A few days ago a friend posted a story about riding a train. The purpose of the parable was to help those dealing with the death of a loved one, but as I read it I saw more. What a great way to look at life, as a train ride, full of different passengers, train changes, different stations. It really is perfect. It provides a great framework for accepting change, for dealing with relationships and challenges. We are born and we board the train. Then the journey begins.
Station changes and connecting trains
As much as we would all love it, life’s journey is never direct. Life is full of plot twists, unexpected re-directions and things out of our control. As humans we are pre-programmed to see these as negatives. We lost a job, we had to move, our favorite restaurant closed. Why? That stinks! I’m sad or frustrated or depressed! What no one ever seems to tell us, as children, is that this is normal and even more importantly, it is healthy and helps us grow and move forward. These are our station changes and connections, they redirect us, they put us on a new path in our journey. Instead of fighting them and putting them off as long as we can, the trick to the trip is to embrace them as the next adventure.

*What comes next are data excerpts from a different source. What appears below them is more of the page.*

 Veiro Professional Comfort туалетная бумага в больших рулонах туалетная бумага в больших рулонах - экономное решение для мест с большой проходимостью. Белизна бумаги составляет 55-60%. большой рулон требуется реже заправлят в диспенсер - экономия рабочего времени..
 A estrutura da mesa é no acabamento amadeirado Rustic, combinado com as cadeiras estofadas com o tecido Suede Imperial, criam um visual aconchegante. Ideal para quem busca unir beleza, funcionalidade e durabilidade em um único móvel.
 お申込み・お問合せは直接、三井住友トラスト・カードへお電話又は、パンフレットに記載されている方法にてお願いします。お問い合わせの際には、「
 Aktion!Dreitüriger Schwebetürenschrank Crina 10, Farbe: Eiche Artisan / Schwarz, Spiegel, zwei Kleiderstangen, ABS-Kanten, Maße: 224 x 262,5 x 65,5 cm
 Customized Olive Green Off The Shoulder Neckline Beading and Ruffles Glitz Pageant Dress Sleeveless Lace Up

When I was younger I took a train vacation with a friend. We went from Hudson, New York to Miami, Florida. It wasn’t direct. It involved 3 different trains, it involved about 20 station stops. We didn’t stand and cry each time the conductor told us we had to get off, we were excited, we talked about what the new train might have different, about where we’d sit, about what we’d see.
This is now how I try to live my life. When a curve ball is thrown my way I try to come at it with excitement and anticipation. Instead of being frustrated that my plans got changed, I look for what is to come. I hope for where it will take me and what it will bring to my life. I live believing everything for a reason and everything to bring me to this moment I belong in. That is a hard lesson to get it. For me it took a lot of hurt, pain and tears. But I finally embrace the train changes and connections.

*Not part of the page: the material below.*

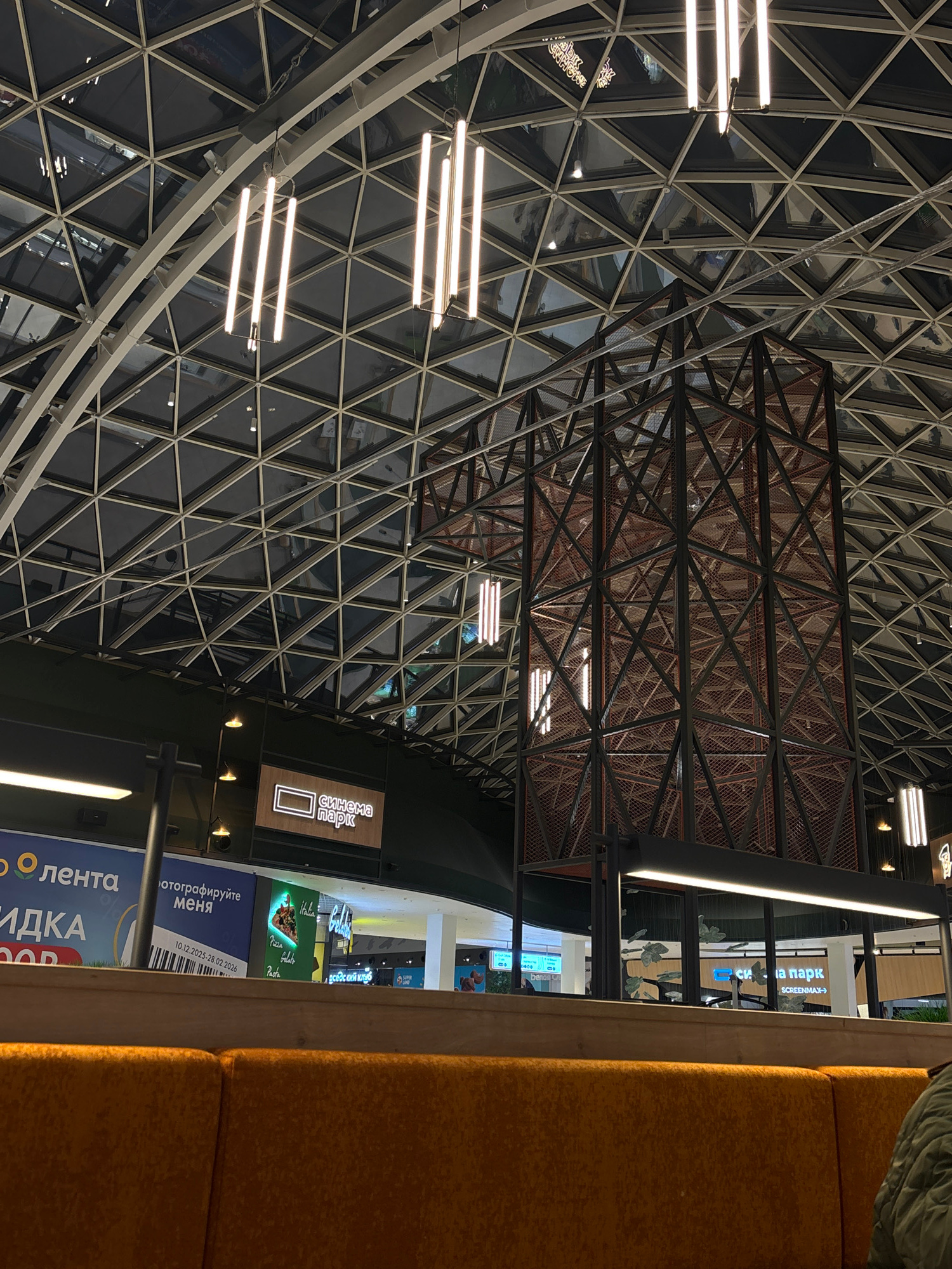 The image shows the ceiling of a shopping mall in Perm, Russia. The ceiling is a dome with a network of triangular glass panels supported by a white metal frame. Several long, horizontal, fluorescent…read more

Passenger and travel mates
Nothing in harder in life that the end of a treasured relationship. Whether it ends due to a death a breakup or just moving on, saying good-bye is always hard. We often stay longer than we should. We try to make it work long after it has stopped being good. We cry over the loss and we pine for the past. We want more time and more memories.

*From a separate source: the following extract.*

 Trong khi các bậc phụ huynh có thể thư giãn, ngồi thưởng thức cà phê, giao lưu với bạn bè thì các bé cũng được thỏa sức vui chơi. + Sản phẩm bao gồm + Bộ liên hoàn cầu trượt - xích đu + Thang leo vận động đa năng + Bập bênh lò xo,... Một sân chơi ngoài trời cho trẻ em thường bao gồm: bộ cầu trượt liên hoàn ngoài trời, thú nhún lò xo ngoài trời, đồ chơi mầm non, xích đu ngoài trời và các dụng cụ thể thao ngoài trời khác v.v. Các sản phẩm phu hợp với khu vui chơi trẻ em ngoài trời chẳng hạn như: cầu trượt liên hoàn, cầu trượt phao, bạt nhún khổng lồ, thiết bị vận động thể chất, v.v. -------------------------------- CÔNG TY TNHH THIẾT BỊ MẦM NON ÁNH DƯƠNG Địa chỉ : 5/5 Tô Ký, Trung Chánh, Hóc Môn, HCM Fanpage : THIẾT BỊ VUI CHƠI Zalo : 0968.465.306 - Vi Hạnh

On a train, people come and go. Some start the journey with us and travel for thousands of miles. Others join just go from one station to the next. We share our part of the ride, make our memories and part with well wishes. Once in a while someone leaves our journey and gets back on at a future station, these are my favorites.
I read a book many years ago, The Celestine Prophecy, that radically changed my view on people and relationships. One of the central tenets of the book is that people cross our paths for a reason. How long they are in our life is related to their purpose and that when people exit our life it is because their mission has been accomplished. For those that keep crossing our path it is because they have not completed their role with us (or us with them). This idea brought me a lot of comfort about the people I have had to part ways with in life, it gave it meaning instead of being only a negative. I see the train analogy in much the same way. People join our travels to fulfill either something we need to learn or experience, or that they do. When that outcome has been met we separate. That may take a day, a year or a lifetime.
Your train ride
As we move into the new year and make resolutions and goals, examine your journey. Are you fighting leaving a train not going where you need to? Should you make a connection and head in a new direction? Are you holding on to sadness over passengers who have changed trains or holding others on your train who need to end their ride with you? Be your own conductor and take control of your train!